Sample size | cLH | SI |
---|---|---|
25 | 47.64 | 50.58 |
50 | 41.81 | 43.16 |
100 | 38.45 | 38.83 |
These results are somewhat different from the results of Wadoux, Brus, and Heuvelink (2019) and Ma et al. (2020). In these case studies, cLH sampling appeared to be an inefficient design for selecting a calibration sample that is subsequently used for mapping. Wadoux, Brus, and Heuvelink (2019) compared cLH, CSC, spatial coverage sampling (Section 17.2), and SI for mapping soil organic carbon in France with a RF model. The latter two sampling designs do not exploit the covariates in selecting the calibration units. Sample sizes were 100, 200, 500, and 1,000. cLH performed worse (larger RMSE) than CSC and not significantly better than SI for all sample sizes.
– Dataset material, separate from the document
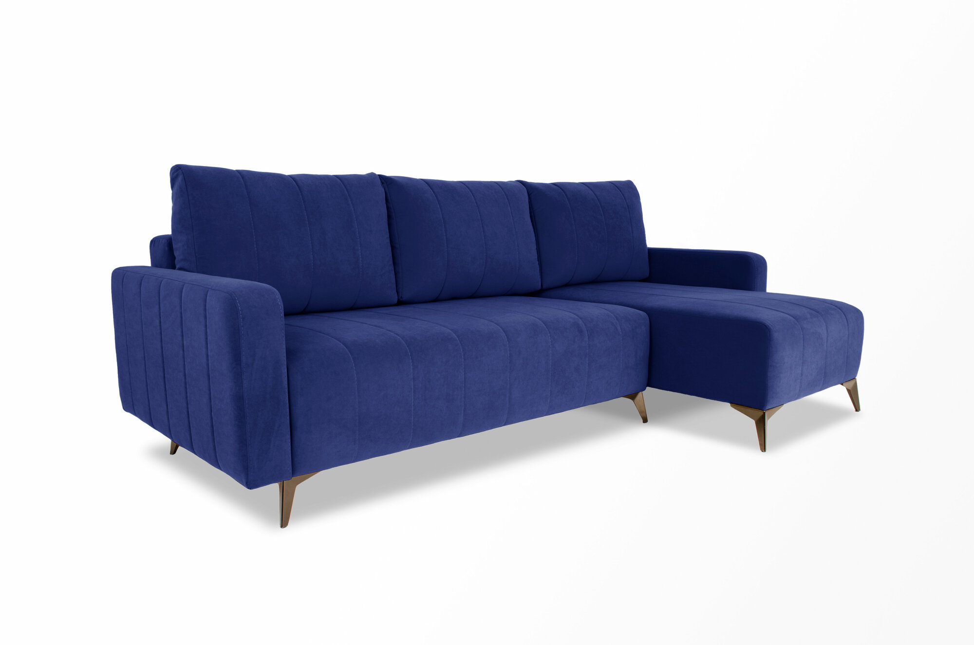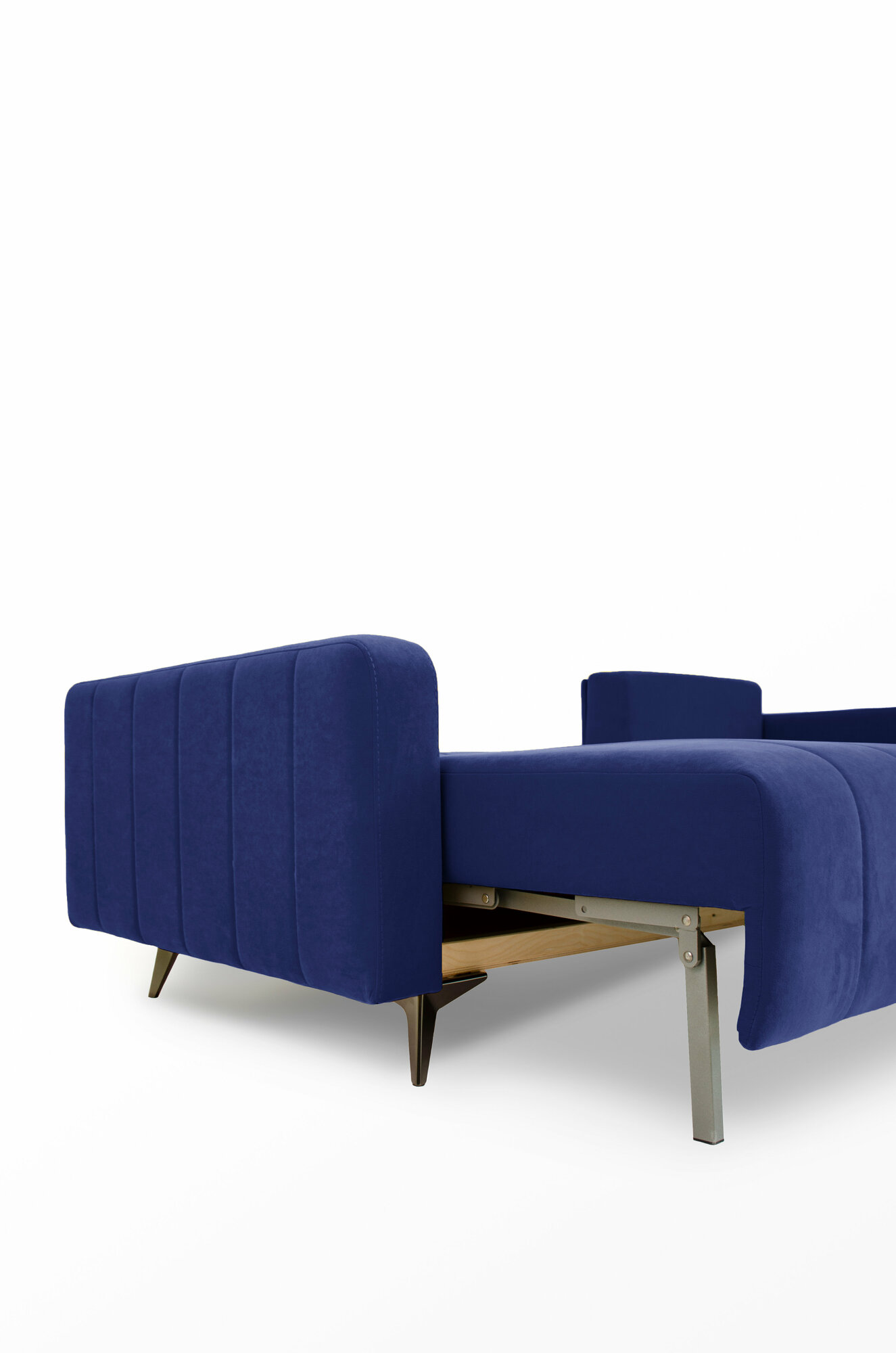 Купить Раскладной двуспальный угловой диван кровать Лофт Вилсон 235х100см с шагающим механизмом пантограф на ножках для гостиной и спальни синий
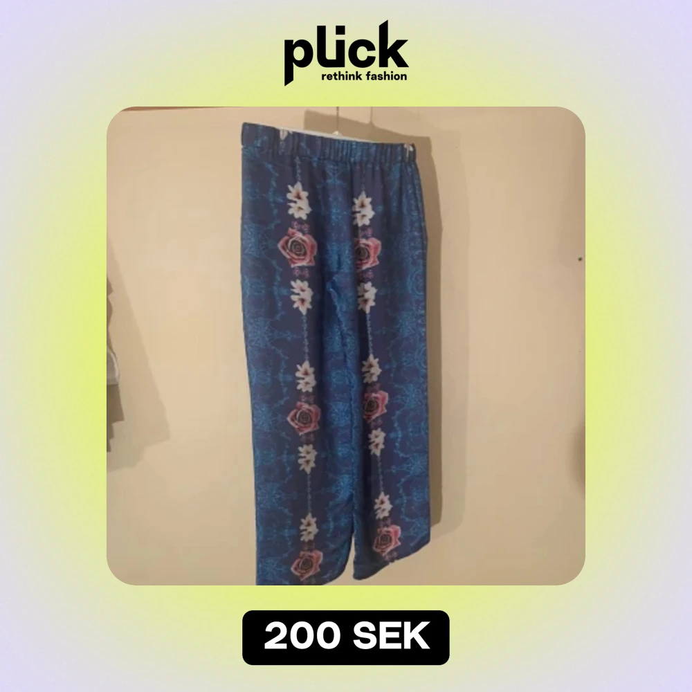 Ett par blå byxor med blommönster från Ida Sjöstedt för Monki. Byxorna har ett löst passform och är dekorerade med rosa och vita blommor.

Ma et al. (2020) compared cLH, CSC, and SI for mapping soil classes by various models, among which a RF model, in a study area in Germany. Sample sizes were 20, 30, 40, 50, 75, and 100 points. They found no relation between the minimisation criterion of cLH and the overall accuracy of the map with predicted soil classes. Models calibrated on CSC samples performed better on average, i.e., on average the overall accuracy of the maps obtained by calibrating the models on these CSC samples was higher. cLH was hardly better than SI.